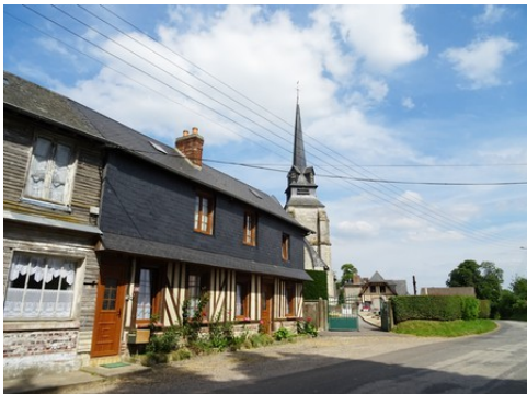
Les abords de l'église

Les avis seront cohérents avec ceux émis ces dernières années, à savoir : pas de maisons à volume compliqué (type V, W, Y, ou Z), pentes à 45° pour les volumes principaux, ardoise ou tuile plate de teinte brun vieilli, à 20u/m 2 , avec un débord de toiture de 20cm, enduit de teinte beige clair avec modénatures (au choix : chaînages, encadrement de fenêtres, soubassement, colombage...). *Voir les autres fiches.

────────

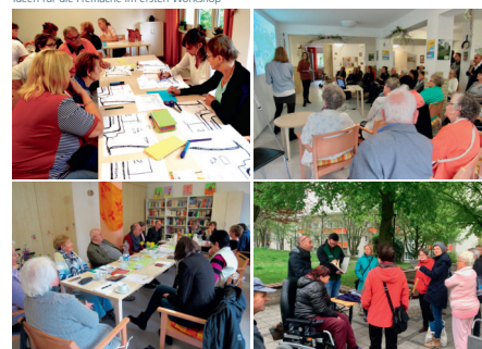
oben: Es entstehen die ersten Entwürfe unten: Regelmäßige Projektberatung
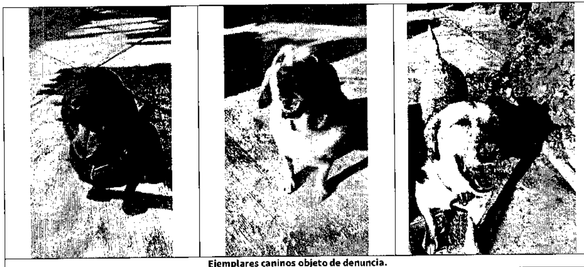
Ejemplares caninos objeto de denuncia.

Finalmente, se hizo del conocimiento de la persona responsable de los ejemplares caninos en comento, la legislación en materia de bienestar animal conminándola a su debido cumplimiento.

────────

● **Problem to solve**: One stretch of the lines above is wanted, from the line that contains "Ejemplares caninos objeto de denuncia." through the line that contains "Finalmente, se hizo". Output it exactly.

● **Response box**:
Ejemplares caninos objeto de denuncia.

Finalmente, se hizo del conocimiento de la persona responsable de los ejemplares caninos en comento, la legislación en materia de bienestar animal conminándola a su debido cumplimiento.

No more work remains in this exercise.